One of the questions that we are often asked is how much can I invest tax-free in a pension scheme each year?
As a result, we thought that it would be useful to give an overview.
Private pension contributions are tax-free up to certain limits which for the current tax year are:
- 100% of earnings in the year;
- £40,000 a year annual allowance;
- and £1.25 million lifetime allowance.
It is important to recognise in this context that earnings are the total taxable income of an individual including dividends, property and investment income.
The contributions can be made into most private pension schemes such as:
- workplace pensions;
- personal and stakeholder pensions;
- and overseas pension schemes that qualify for UK tax relief.

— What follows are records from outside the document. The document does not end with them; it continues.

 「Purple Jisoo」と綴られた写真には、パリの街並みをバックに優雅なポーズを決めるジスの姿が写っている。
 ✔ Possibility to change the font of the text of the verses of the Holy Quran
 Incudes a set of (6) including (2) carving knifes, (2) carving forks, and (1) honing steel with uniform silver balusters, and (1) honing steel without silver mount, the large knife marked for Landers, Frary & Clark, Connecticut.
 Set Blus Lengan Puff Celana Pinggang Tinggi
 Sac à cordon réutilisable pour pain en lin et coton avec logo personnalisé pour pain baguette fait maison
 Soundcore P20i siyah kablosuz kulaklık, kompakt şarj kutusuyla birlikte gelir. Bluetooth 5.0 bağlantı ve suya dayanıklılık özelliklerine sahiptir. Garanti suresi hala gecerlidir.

The annual allowance applies across all of the schemes into which contributions are made rather than being a per scheme limit. In addition, this figure is for all the contributions made by the individual, their employer or any third party.

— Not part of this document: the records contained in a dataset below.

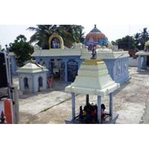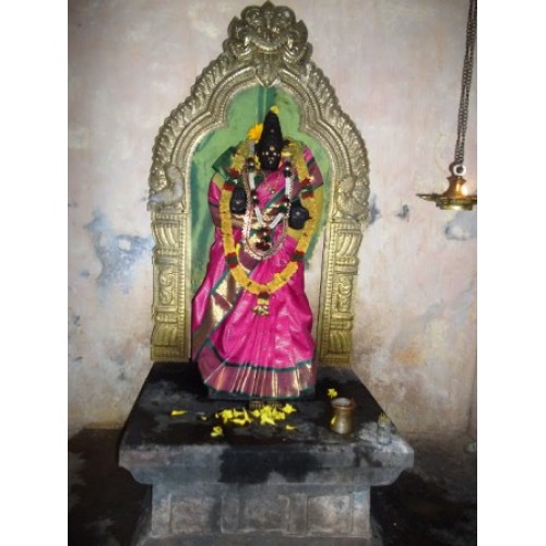 கோயிலின் இடது புறம் அம்மன் சன்னதி உள்ளது. அருகே குபேரலிங்கம் உள்ளது. இங்குள்ள நவக்கிரகங்கள் பிற கோயில்களிலிருந்து சற்றே வேறுபட்ட நிலையில், மேற்கு நோக்கிய நிலையில் சூரியன் அமைந்துள்ள வகையில், காணப்படுகிறது. அம்மனுக்கு வெளிச்சத்தைத் தருவதற்காக இவ்வாறு அமைக்கப்பட்டுள்ளதாகக் கூறுகின்றனர். குருவும் ராகுவும் தெற்கிலும், சூரியனும் புதனும் மேற்கிலும், சந்திரன் கிழக்கிலும், அங்காரகனும், கேதுவும் வடக்கிலும், சனீசுவரர் கிழக்கிலும் அமைந்துள்ளனர். இந்த சன்னதிகளின் கீழே ஆறு ஓடுவதாகக் கூறுகின்றனர். நுழைவாயில் மண்டபத்திலும், அம்மன் சன்னதியிலும் நிலாவும், பாம்பும் காணப்படுகின்றன. அம்மனின் பார்வையில் கோயில் குளம் காணப்படுகிறது.
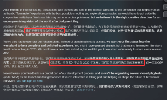 最近的一条《终结者:幸存者》Steam社区官方帖子中,Nacon Studio Milan确认《终结者:幸存者》将会延期:不会在2025年发售,而具体的发售日期目前尚未确定。
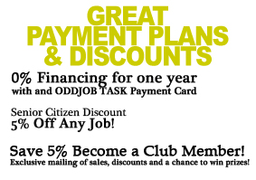 Keep the outside of your home looking great with our outdoor service programs, every year things need to be done around the home, and if you don’t keep up with them it could just add double the work and double the head ache, most basic home maintenance can be performed by the do it yourselfer but time always seems to be the issue in our busy fast passed life’s, and companies charge to much to take on these projects so people delay and delay until the problem becomes a nightmare and the price just went up with costly contractors, well not anymore with odd job tasks we specialize in odd tasks and services and our affordable rates and great payment options can’t be beat so this summer sit back and relaxes odd job tasks has your back !

However, it is possible to carry back any unused annual allowance from the previous three tax years provided that the individual was a member of a registered pension scheme in those years.
The annual allowance for the 2014-15 tax year was £40,000, for the 2013-14 tax year was £50,000 and for the 2012-13 tax year was £50,000.

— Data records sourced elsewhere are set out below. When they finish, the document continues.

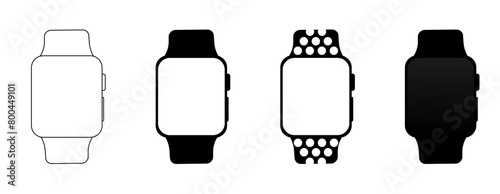 Isolated space black aluminum watch with black band black smart watch on white background
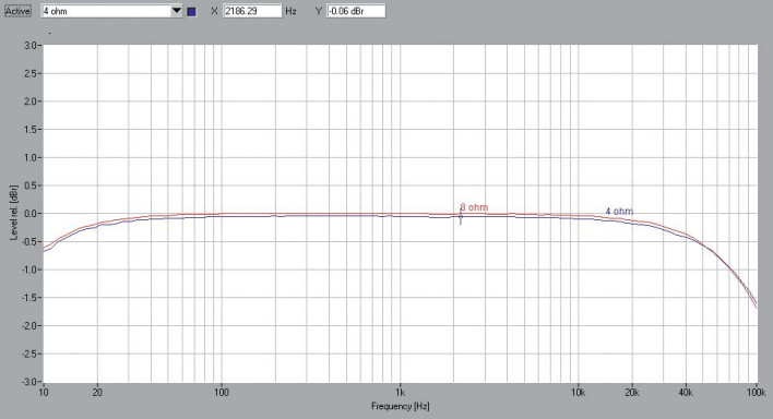 Co prawda wzrost mocy (w stosunku do 8 Ω) nie jest dwukrotny, a moc w każdym kanale jest już wyraźnie niższa niż przy pracy pojedynczego, ale to wciąż świetny rezultat, którego producent wcale nie obiecywał, tym bardziej, że nie ma tu obwodów impulsowych, lecz konwencjonalna amplifikacja w klasie AB. Czułość jest bliska standardowej, umiarkowanie wyższa - 0,3 V.
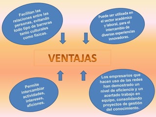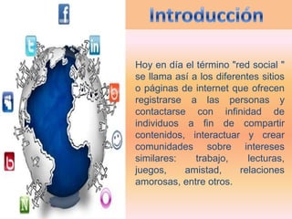 Este documento discute las redes sociales, incluyendo que permiten a las personas registrarse e interactuar con otros sobre intereses compartidos. También menciona algunos riesgos potenciales como la invasión de privacidad, convertirse en una adicción o exponer a los niños a la pornografía infantil. Finalmente, destaca que las redes sociales son dirigidas por los usuarios, son interactivas y ayudan a establecer nuevas relaciones.
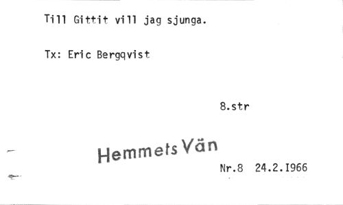 //// Till Gittit vill jag sjunga. //// Tx: Eric Bergqvist //// 8.str //// Hemmets Vän //// Nr.8 24 //// .2.1966
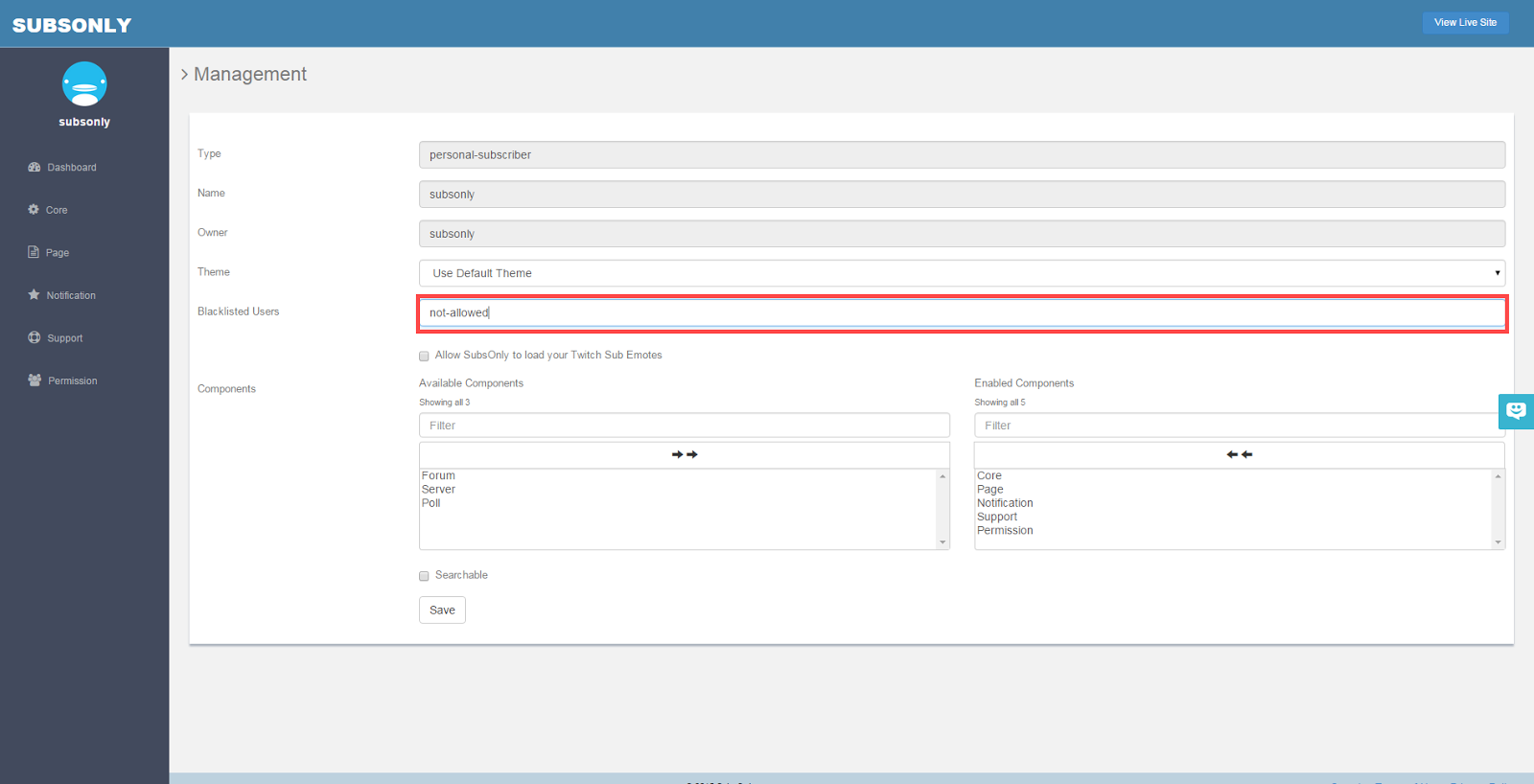 Here you can select if you would like to have your Twitch emotes be usable on your site. This will allow users to use your emotes in your forums and in comments.

There is nothing to prevent contributions above the limits but any additional sums will be taxed as part of the Self-Assessment tax return.
On the other hand, as it stands, tax relief is available on private pension contributions up to 100% of your annual earnings and, therefore, on contributions above the annual allowance. The amount of tax relief is based on the tax band of the individual.
There has been much speculation that this tax relief could be reduced as part of the upcoming Budget and we will include the details of any such change in our Budget Briefing.
If the tax due is more than £2,000, which equates to an additional payment of £5,000 by a tax payer in the Higher Rate tax band, this tax can be paid directly by the pension provider to HMRC from the pension pot.
Similarly, with the lifetime allowance, tax becomes payable once the threshold of £1.25 million is exceeded. For this, it is important to understand the difference between pension schemes.
Personal, stakeholder and most workplace schemes are designated as ‘Defined Contribution’ where the total monies paid in equate to the lifetime allowance.
However, there are still some workplace schemes that operate on a ‘Defined Benefit’ basis. Here, the initial lump sum plus twenty times the first year pension equates to the lifetime allowance.